- Exercise aim: Setting aside any pictures, reproduce the data exactly.
.....
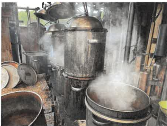
ご主人手作りのアロマオイル精油器具
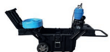
HS2 4S - 740 €
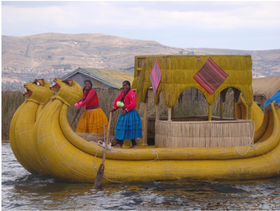
Figura 7- Foto de Turista no Site Tripadvisor “Navegando por el Titica”
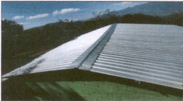
Foto 1: Sustitución de lámina, por lámina troquelada, 88 M2 . Sustitución de capote de lámina para lámina troquelada 4 ML
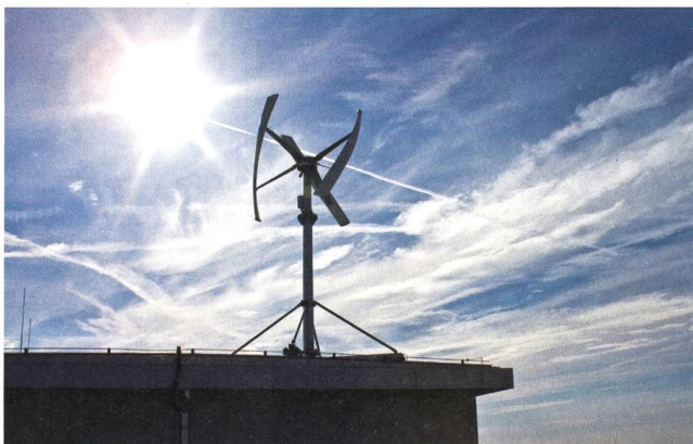
HTW Berlin/Friederike Coenen

Kostenloser Download: www.kleinwind.htw-berlin.de
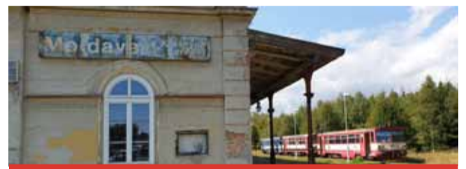
Moldavské nádraží má opět naději na obnovu.

Obec Moldava požádala minulý týden ministerstvo průmyslu a obchodu prostřednictvím státní agentury CzechInvest o pokračování v procesu žádosti o zajištění prostředků na rekonstrukci historické nádražní budovy. Tento krok je výsledkem jednání obce s MPO ČR a Stevem Ittershagenem, kte-
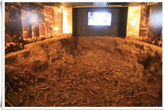
至「奉安館」悼念死難者，並觀看展示
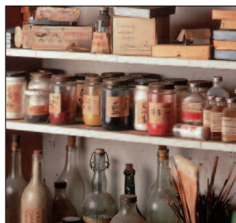
Pigments et matériaux de l'artiste
.....
- Exercise solution:
ご主人手作りのアロマオイル精油器具
HS2 4S - 740 €
Figura 7- Foto de Turista no Site Tripadvisor “Navegando por el Titica”
Foto 1: Sustitución de lámina, por lámina troquelada, 88 M2 . Sustitución de capote de lámina para lámina troquelada 4 ML
HTW Berlin/Friederike Coenen

Kostenloser Download: www.kleinwind.htw-berlin.de
Moldavské nádraží má opět naději na obnovu.

Obec Moldava požádala minulý týden ministerstvo průmyslu a obchodu prostřednictvím státní agentury CzechInvest o pokračování v procesu žádosti o zajištění prostředků na rekonstrukci historické nádražní budovy. Tento krok je výsledkem jednání obce s MPO ČR a Stevem Ittershagenem, kte-
至「奉安館」悼念死難者，並觀看展示
Pigments et matériaux de l'artiste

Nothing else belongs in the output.